(2021) First produced in 1989, three different Chardonnay clones are picked and whole-cluster pressed and barrel-fermented in French oak, 40% new. This wine sees 100% malolactic fermentation. The buttery and lightly-toasty richness of the oak is quite apparent on the nose, giving an impression of depth and generosity. On the palate, the rush of sweet, ripe stone fruit fill the mid-palate, the wine full and textured, but a good level of acidity fills in on the finish, a hint of nutty barrel component, in a very satisfying Chardonnay.
(2020) Fabulous, opulent nose, the creamy plushness of the fruit, the blackcurrant glossiness, spices from 20 months in different formats of oak, and all the fruit from hillside blocks. Game and meat, but really up-front fruit dominates, the sour cherry acidity and bloody, meatiness of the fruit gives this lovely presence. Tangy, juicy acids and tight tannins. Price and stockist is for a previous vintage at time of review.

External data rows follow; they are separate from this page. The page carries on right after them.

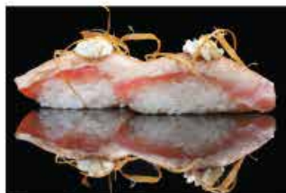
125. TONNO STILY € 5,00 tonno alla fiamma, philadelphia, pasta kataifi e salsa teriyaki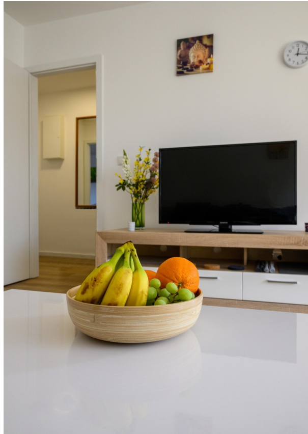
Wohnzimmer - Ansicht #7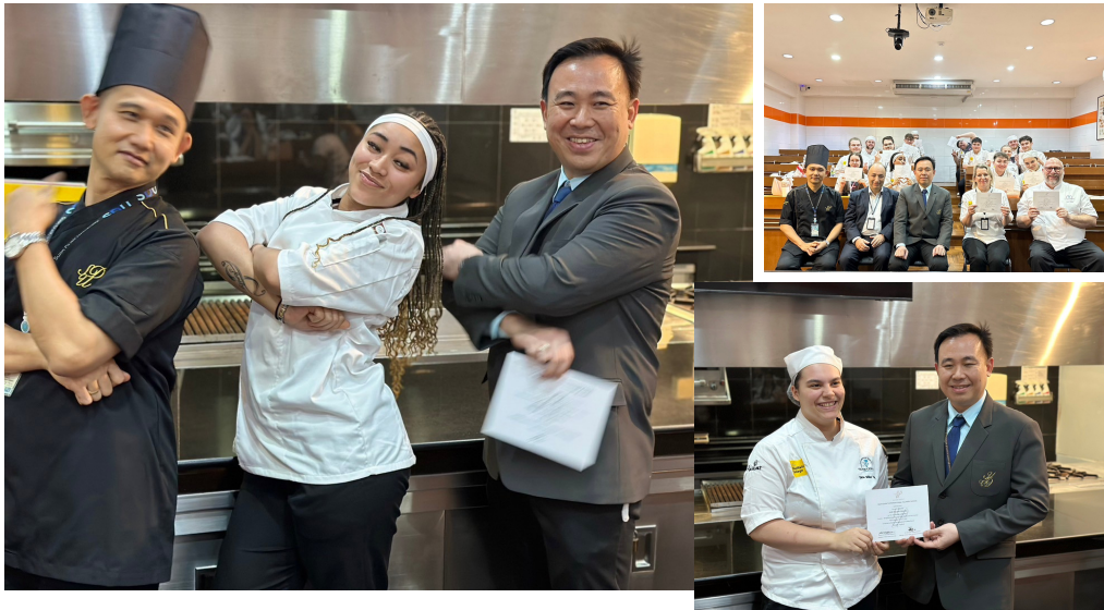
คณบดีโรงเรียนการเรือน มอวุดุมิบัตร ให้กับอาจารย์และนักเรียน ที่เข้าร่วมโครงการเผยแพร่ความรู้และวัฒนธรรมอาหารสู่สากล 2/2567 ภายใต้โครงการ LONDON-BANGKOK WORLD CITY LINKS 2024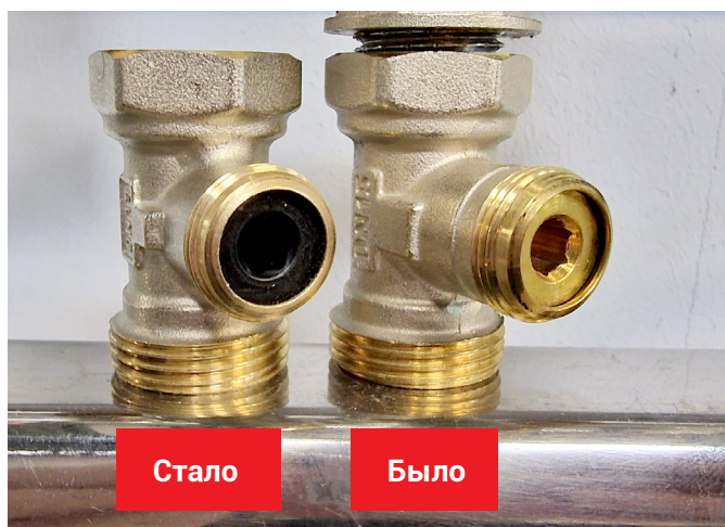
Сравнение старой и новой модификаций.

Просим учесть в вашей дальнейшей работе.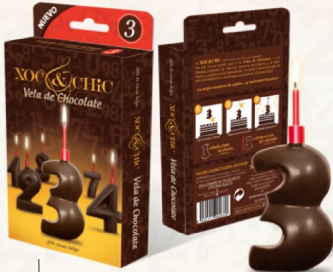
Velas comestibles de chocolate negro Chocolate belga Números del 0 al 9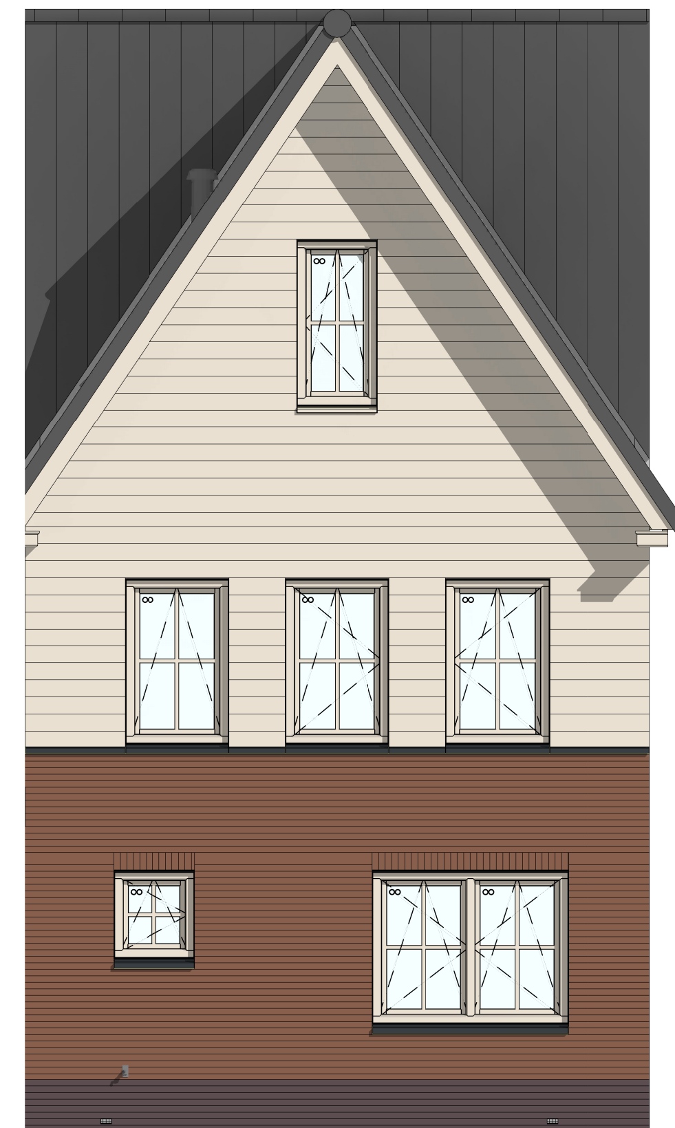
205004 - Buitenkraan in voorzijde zijgevel VG5005 - Voorgevel met hoge gemetselde borstwering, ipv uitvoering met gevelkozijn met lage gemetselde borstwering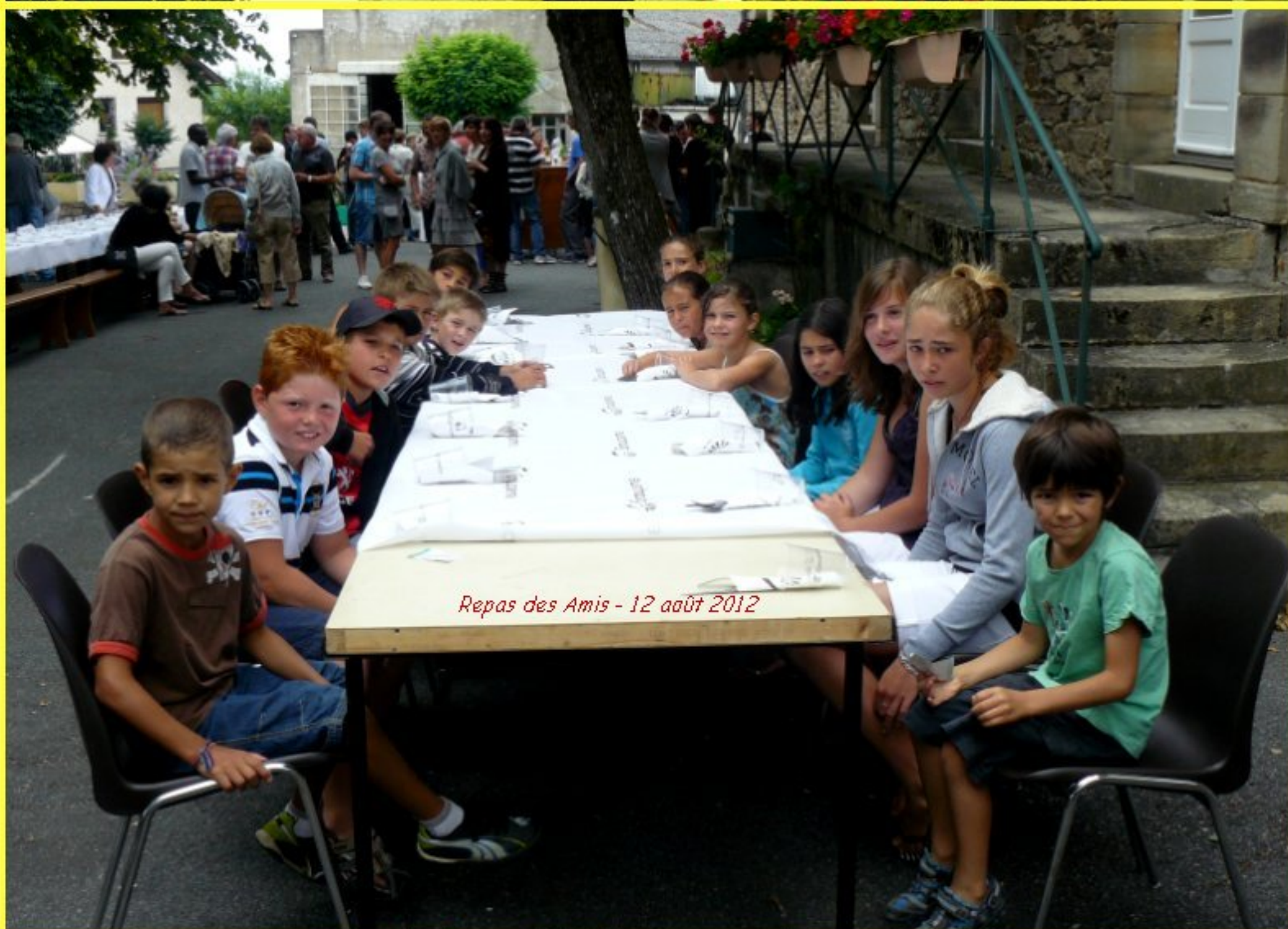
Repas des Amis - 12 août 2012

A Meljac, on s'interroge: faut-il ré-ouvrir l'école? ou au moins la cantine?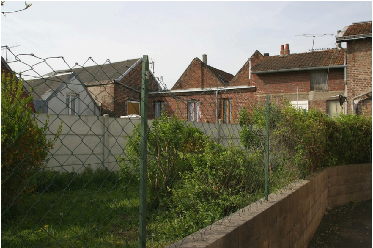
L'ancien jardin de la cour Corbizet (au fond, deux pignons de la cour Wavrans voisine).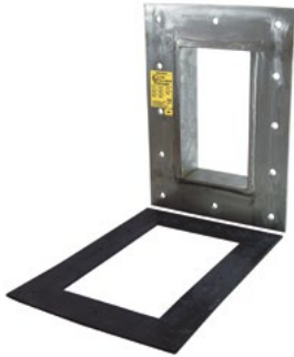
G 6x1 Ex AISI 316 EXG006000000121

Cadre G Ex, acier inox résistant aux acides » G Ex Rahmen, säurefester, rostfreier Edelstahl » Marcos G Ex en acero inoxidable a prueba de ácidos » Рамы G Ex из кислотостойкой нержавеющей стали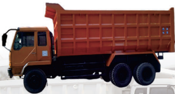
DUMP TRUCK MITSUBISHI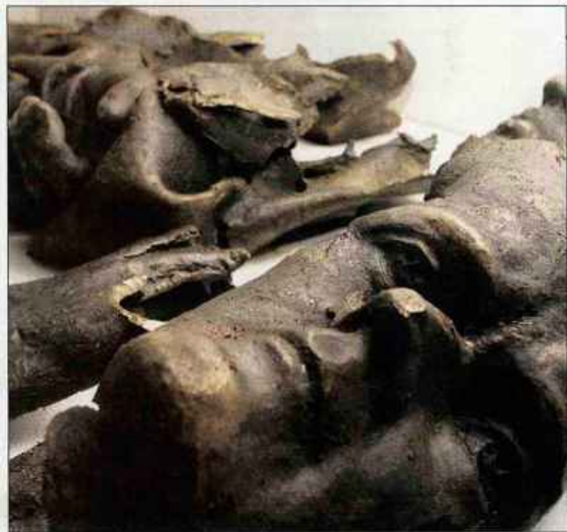
▶ 8. stran Razrezane bronaste kipe je policija včeraj našla na obrobju Ljubljane.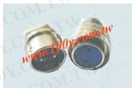
金屬母頭+圓形公(頭)座連接器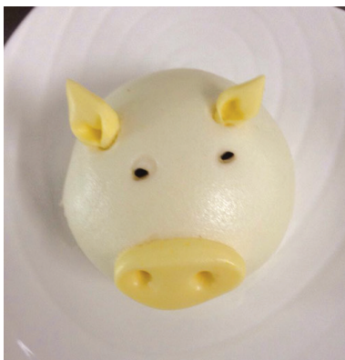
爱心便当,小猪馒头。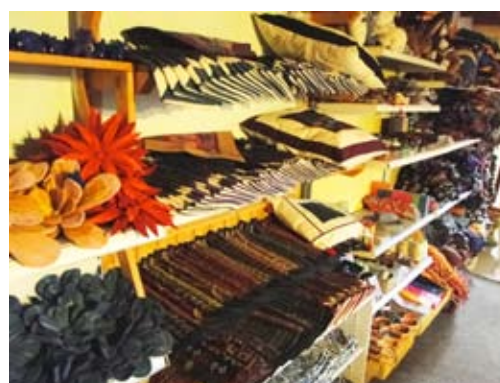
Ein Ausschnitt aus dem umfangreichen Warensortiment an Handarbeiten von Alexander Schmidt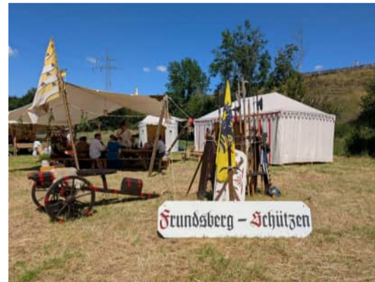
Die Frundsberg Schützen im Schwäbisches Freilichtmuseum Illerbeuren, Foto: Wohlgemut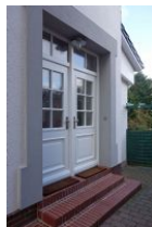
Die Haustüren der Villa Hansson, jede Wohnung verfügt über einen eigenen Eingang.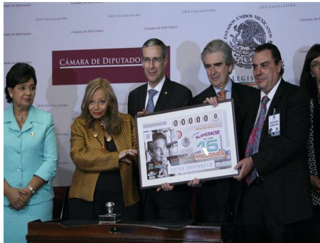
Imagen 7: Billete de la Lotería Nacional en Salmerón (2014)

Se añaden las actividades del Fondo de Cultura Económica, y el encuentro intelectual 'Octavio Paz y el mundo del siglo XXI' con ponencias de intelectuales de renombre, organizado por El Colegio Nacional, entre otros eventos como recitales y conciertos, todos ellos llevados a cabo en la capital mexicana. Aunque exista un enlace con actividades internacionales, ese se reduce a dos exposiciones y unas conferencias en Nueva York, Madrid y Varsovia. 14 Ese calendario nunca se actualiza en el curso de 2014, así que la gran mayoría de las actividades internacionales se excluye del programa oficial. En otras palabras: Octavio Paz se construye como intelectual universal, pero desde una mirada oficial estatal y desde una perspectiva centralista en la cual la capital cumple la función de centro absoluto del poder y de la vida cultural. Y aunque se destaque el universalismo de su obra sobre todo poética, lo que se festeja es el escritor en el ámbito nacional.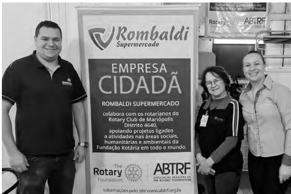
Entrega do Banner Característico da Empresa Cidadã

É um programa de doações que atesta a responsabilidade social de uma empresa ao torná-la parceira do Rotary em sua obra.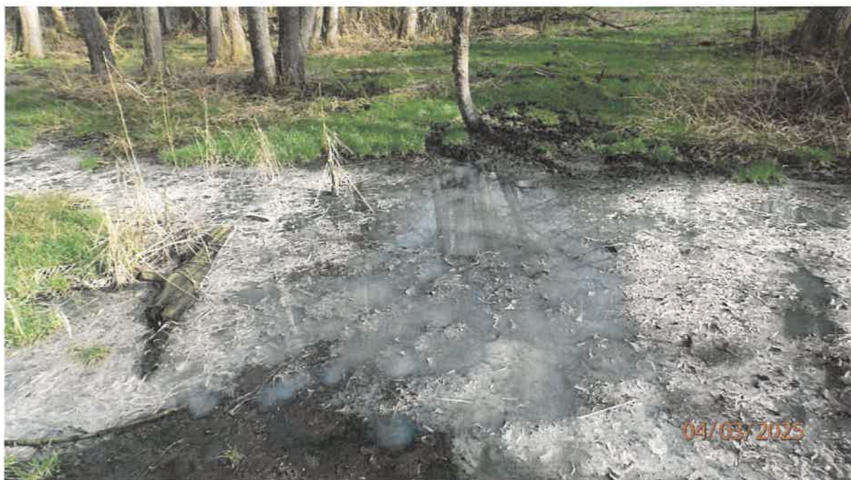
Fot. 29. Jw.

(2018) Heytesbury is a selection of the best vineyards and fruit. 100% Gin Gin, the recipe again was for pressing straight to barrel and fermentation with wild yeast. Lees were stirred regularly during nine months ageing in 57% new French oak. Subtle wild ferment earthiness and nuttiness, a juicy directness, firm and acidic, it stays quite grippy and intense, but very good fruit. This has length and a good balance and certainly the fruit and infill of creamy oak to give lovely balance.
(2017) Aged 14 months in new oak, 80% French and 20% American. Big, super-ripe, even slightly raisiny, pruney aromas, but Amarone-like rather than being stewed or baked: cloves and spices too. Terrific energy and real freshness on the palate, an electrical charge of power, all the time the solid fruit at the core and a grippy finish. Very good - big, but fleet of foot. Should cellar well for a decade.